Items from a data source
____

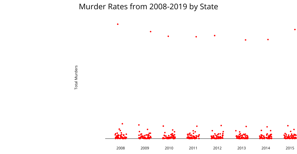 Visualization of the State Crime Rate data from the CORGIS dataset made with p5js. Please fullscreen for proper axis display.
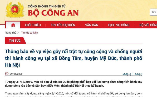 Thông báo về vụ việc gây rối trật tự công cộng và chống người thi hành công vụ tại xã Đồng Tâm, huyện Mỹ Đức, Hà Nội. của Bộ Công an
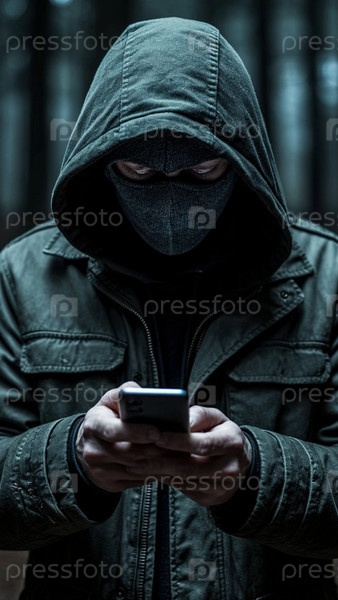 Подозрительный мужчина в маске держит телефон в руках
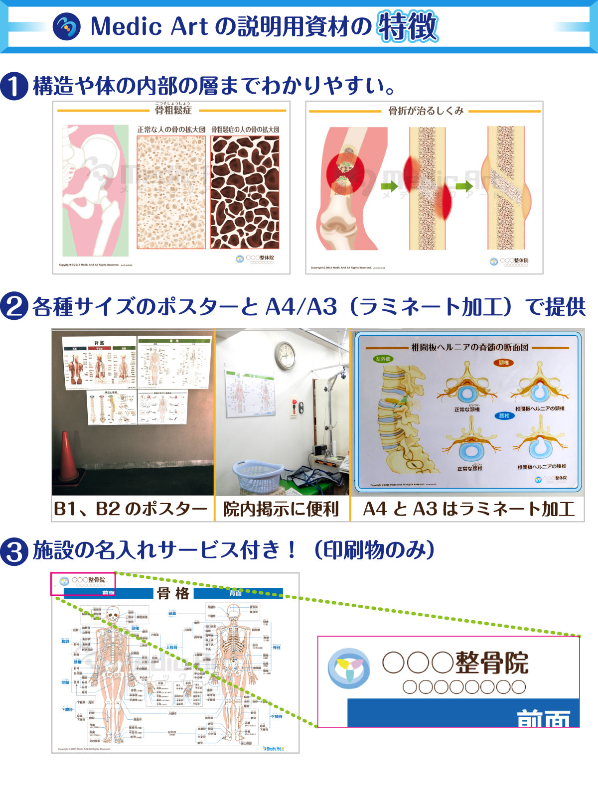 Medic Artの説明用資材は、イラストをメインに患者さんに説明しやすいように要点を最小限に記載する形で、 視覚的に理解できるようにまとめたシートになります。データでの販売、印刷物での販売がございます。 データ販売は、A4サイズのJPEG 画像を取り扱っています。説明用資材のデータ販売は、イラストに Medic Art の著作権表記をさせていただき、個別でイラストを購入するよりもお安く提供させていただいております。 著作権表記を外したい場合は、問い合わせからご連絡ください。 印刷物の販売は、A4とA3 とポスターで行っています。印刷物の販売のみ施設の名入れサービスをいたします。 A4 と A3 はパウチをして郵送でお届けします。ポスターをご希望の場合は、サイズと部数をお伝えください。 また、このようなイラストが欲しいというご希望があれば、問い合わせよりリクエストをしてください。
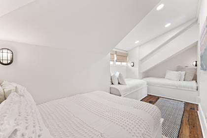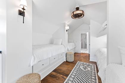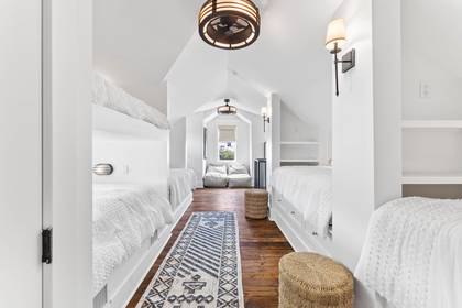 The third floor is a versatile and fun space, featuring a loft that can sleep up to seven guests with three twin beds and a full-over-full bunk bed. This area is perfect for children or friends, offering a cozy and communal setting for restful nights.
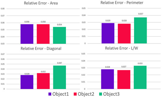 We performed real measurements for the Area, L/W, Diagonal, and Perimeter, both in metrics and in pixels. We expected the error to be squared in the area measurements and have included it in our results for completeness. We found that on average the measurement for calibrating the test image was 9 pixels/millimeter. Our calibrated results include the images taken at different heights are included in Figure 8 and Figure 9. From the 24 of the 30 measurements for length and width our proposed calibration method measured within 1 mm of error with the remaining 6 having less than 2 mm of error. The average of the 10 measurements obtained for objects 1, 2, and 3 are 2.92 cm, 2.08 cm, and 0.82 cm, respectively. Figure 9 shows the relative error for L/W, Diagonal, and Perimeter measurements was less than with the relative error for Area less than . We found that the system performed slightly better on Object 1 and 2 than it did for Object 3. As Object 3 is the smallest, with a length of 8 mm, this can be attributed to our measurements being done at the pixel level.
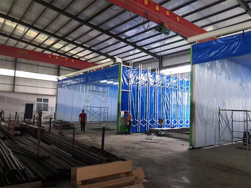 二、伸縮房前部為伸縮龍門架結(jié)構(gòu),兩端的龍門架立柱下部為驅(qū)動小車,左右各一套,分別安裝了驅(qū)動裝置,帶動主動輪拖動龍門架在軌道上做伸展或收縮運動。龍門架的動力通過伸縮連桿傳遞給后面的從動伸縮架,帶動從動伸縮架的從動輪在軌道上跟隨龍門架做伸展或收縮運動。移動伸縮房的出現(xiàn)解決了較大型工件進行噴漆或打磨工作移動運送困難的難題,噴漆或磨研區(qū)可根據(jù)產(chǎn)量大小,任意調(diào)整,充分利用生產(chǎn)場地和操作空間。帶軌道的移動伸縮房前端目前大都使得電動卷簾門,固定端大多配備廢氣處理環(huán)保設(shè)備,今天佑泰環(huán)根據(jù)移動伸縮房應(yīng)用的場景不同,為您介紹一下伸縮房相關(guān)廢氣處理裝置。
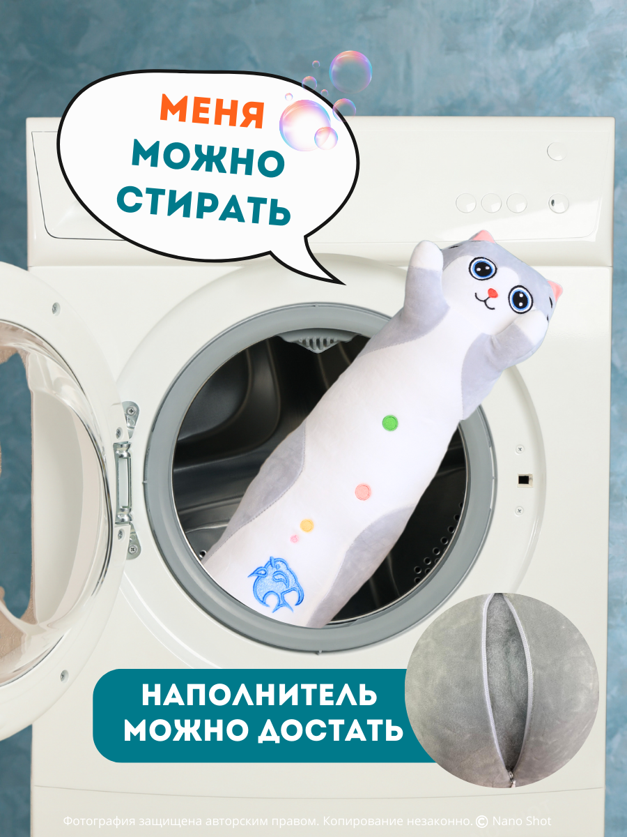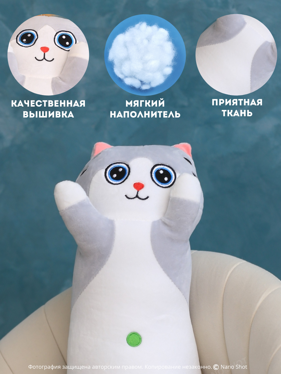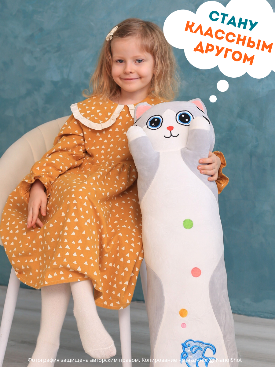 Мягкая плюшевая игрушка кот-батон Милый Котенок серый, 60 см: сравнение цен, характеристики, фото, актуальное наличие и цены.
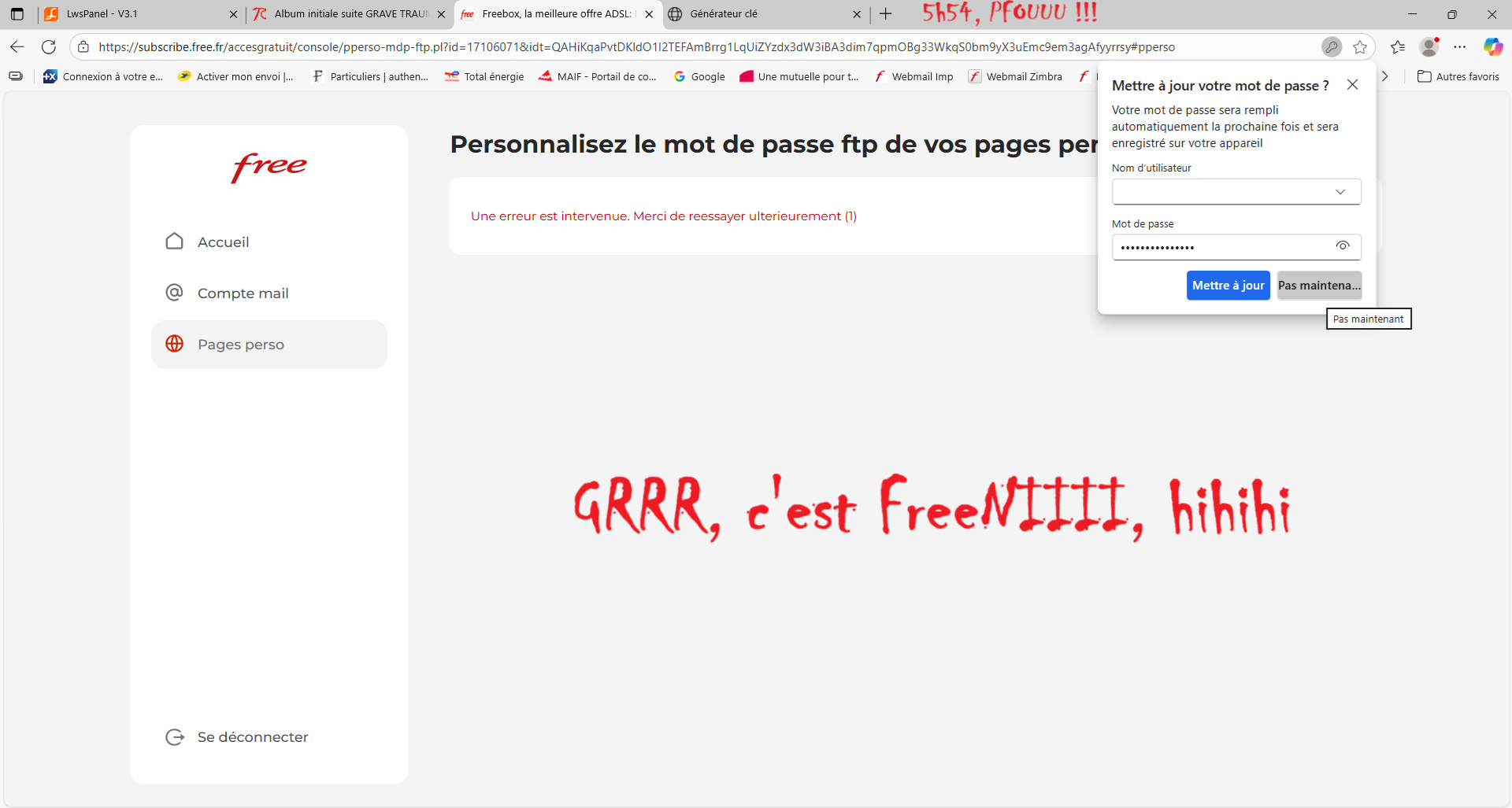 Cette page passera sur ce site créé en 2012 bien entendu, mais comme vous le verrez facielement impossible de faire du FTP pour le moment... J'ai bien entendu de nouveau eu une coupure de sommeil et c'était à 2h37 cette fois, bon j'en profite pour rattraper le retard (aujourd'hui le 12 ocotbre) et SIESTE GARANTIE !!!!
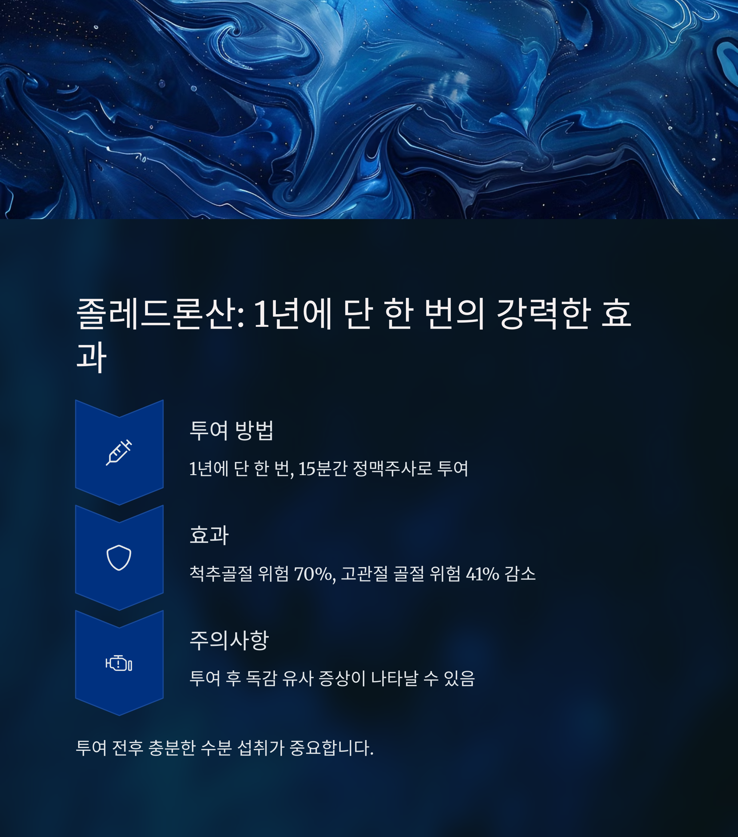 | 졸레드론산 | 졸레드론산 | 1년 1회 | 척추골절 70% 감소, 고관절 골절 41% 감소 | 가장 긴 투여 간격, 강력한 효과 | 투여 후 발열·근육통, 신장 기능 주의 |
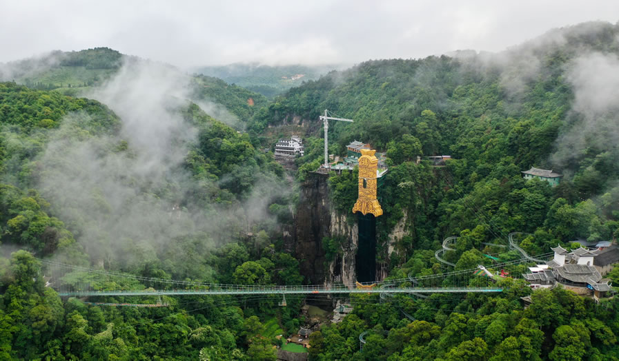 - 亮點(diǎn):全國首座雙層玻璃橋,全長268米,垂直落差148米,上層透明玻璃,下層5D特效玻璃(含碎裂效果)。
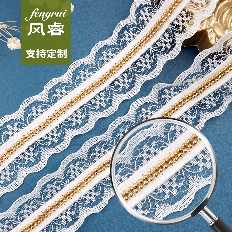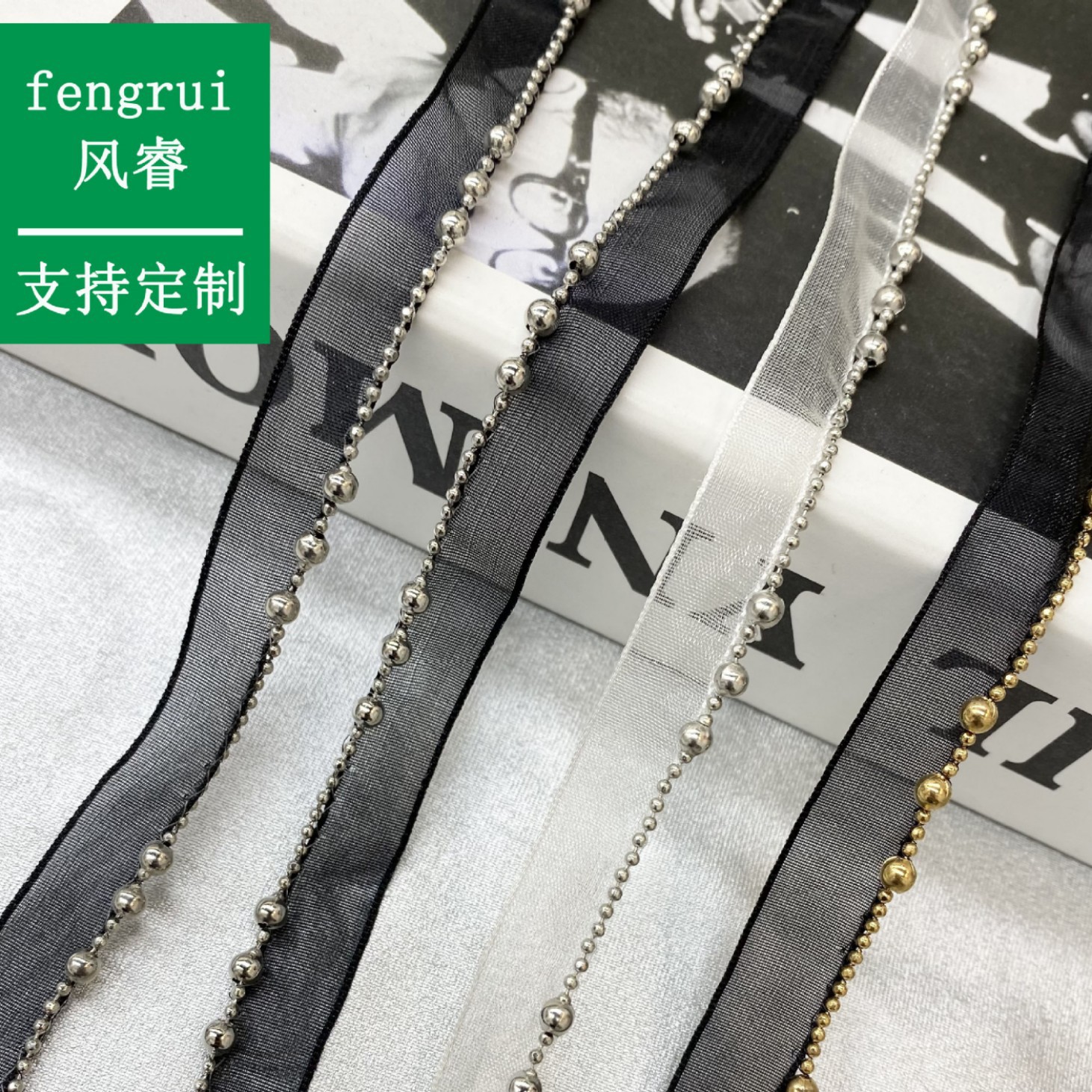 新款网纱1.5珠金属链条小香风蕾丝花边衣领裤边装饰辅料
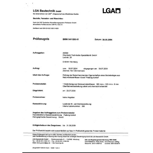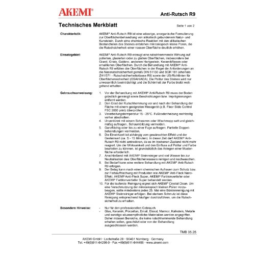 Erzeugt eine rutschhemmende Wirkung auf glatten polierten oder glasierten Oberflächen, insbesondere bei Granit, Gneis, Gabbro, anderem Hartgestein, Keramik- und Feinsteinzeugfliesen sowie emaillierten Oberflächen im Innen- und Außenbereich. Durch die Behandlung mit Anti-Rutsch R9 erfüllen die Oberflächen in der Regel die Anforderungen an die Nassrutschsicherheit gemäß DIN 51130 und BGR 181 (ehemals ZH1/571 – Rutschsicherheitsklasse R9) sowie der US-Richtlinien für Oberflächensicherheit (OSHA/ADA). Die Politur des Steines und die Schönheit der Farbe bleiben weitgehend erhalten. Nachträgliche Schutzimprägnierung mit Anti-Fleck Nano-Effect, Anti-Fleck Super, Farbtonvertiefer oder Farbtonvertiefer Super ist ohne Beeinträchtigung der Rutschsicherheitsklasse R9 möglich (durch LGA Würzburg geprüft).
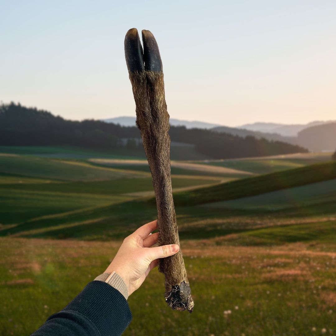 Our venison legs with fur are a great treat for promoting your dogs dental health.
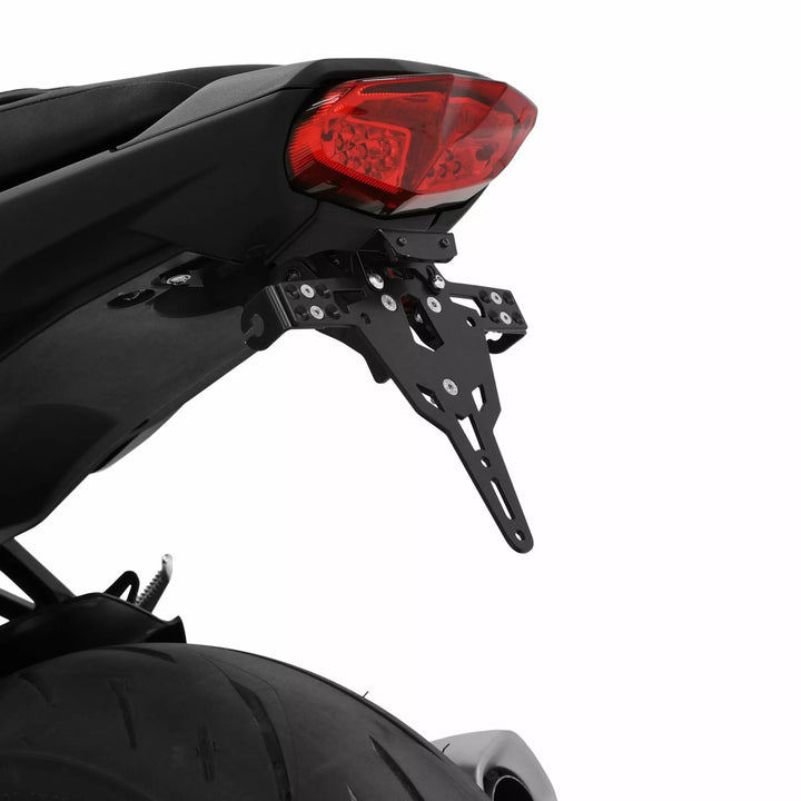 The License Plate Holder is Extremely Durable and Weather Proof., Black Powder Coated. , The License Plate Holder Can Be Used For Any Kind of License Plate (175mm Width)., No Modification of Fairing Required., Stepless Adjustment of Rake Angle., Indicator Support Adjustable in 3 Positions. Plate., Special Indicator Light Mounts (Sold Separately) Required for Stock Indicator Lights., Kit Includes: 1 License Plate Holder Incl. Mounting Kit., LED License Plate Light "e Approved" Incl. Support., Back Light With Support.
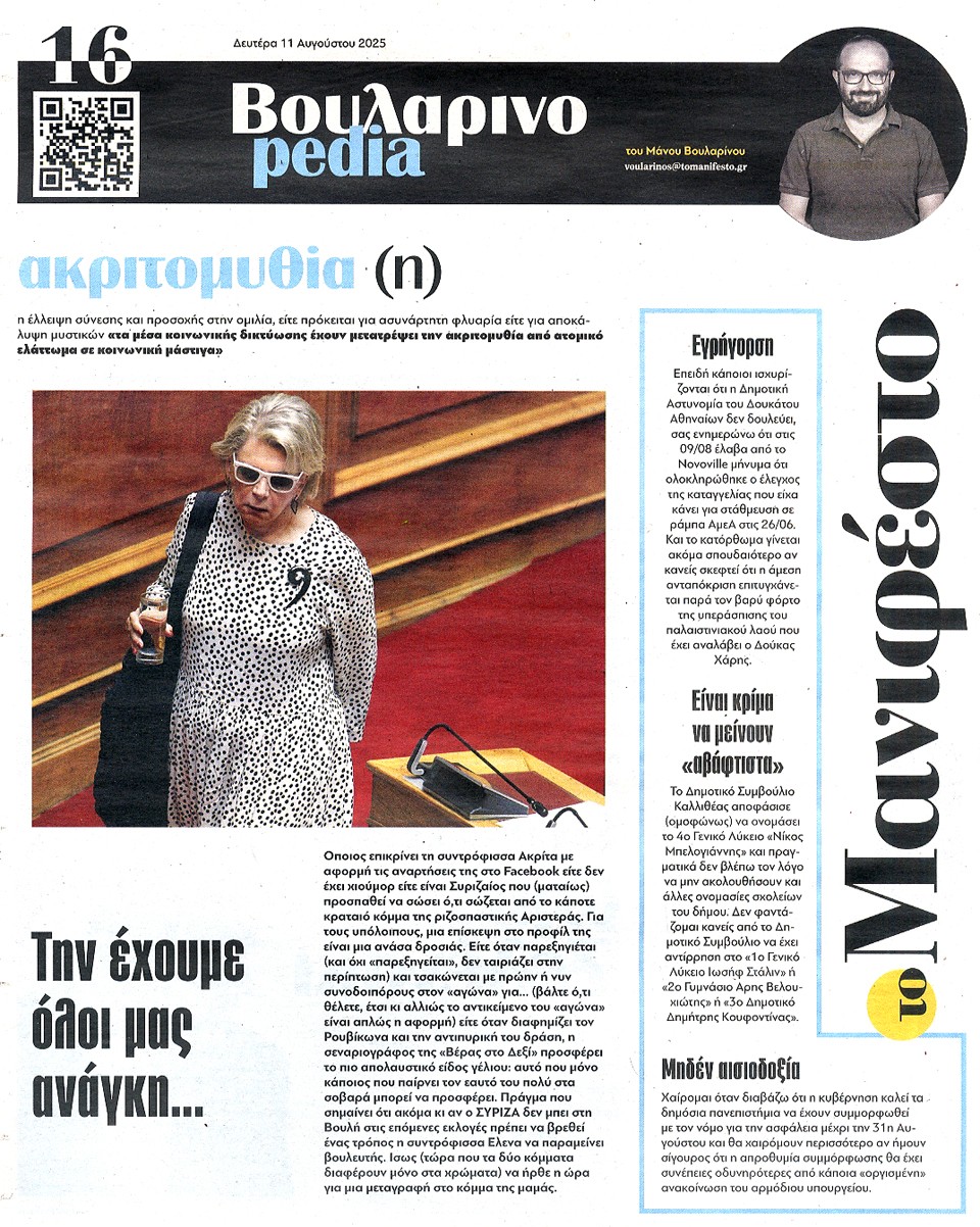 ΤΟ ΜΑΝΙΦΕΣΤΟ - 11 Αυγούστου 2025

____

_What needs to be done_
Would you copy, word for word, only the lines above from the one containing "Мягкая плюшевая игрушка" through the one containing "新款网纱1.5珠金属链条小香风蕾丝花边衣领裤边装饰辅料", both included, and please leave out the pictures?

_Result below_
 Мягкая плюшевая игрушка кот-батон Милый Котенок серый, 60 см: сравнение цен, характеристики, фото, актуальное наличие и цены.
 Cette page passera sur ce site créé en 2012 bien entendu, mais comme vous le verrez facielement impossible de faire du FTP pour le moment... J'ai bien entendu de nouveau eu une coupure de sommeil et c'était à 2h37 cette fois, bon j'en profite pour rattraper le retard (aujourd'hui le 12 ocotbre) et SIESTE GARANTIE !!!!
 | 졸레드론산 | 졸레드론산 | 1년 1회 | 척추골절 70% 감소, 고관절 골절 41% 감소 | 가장 긴 투여 간격, 강력한 효과 | 투여 후 발열·근육통, 신장 기능 주의 |
 - 亮點(diǎn):全國首座雙層玻璃橋,全長268米,垂直落差148米,上層透明玻璃,下層5D特效玻璃(含碎裂效果)。
 新款网纱1.5珠金属链条小香风蕾丝花边衣领裤边装饰辅料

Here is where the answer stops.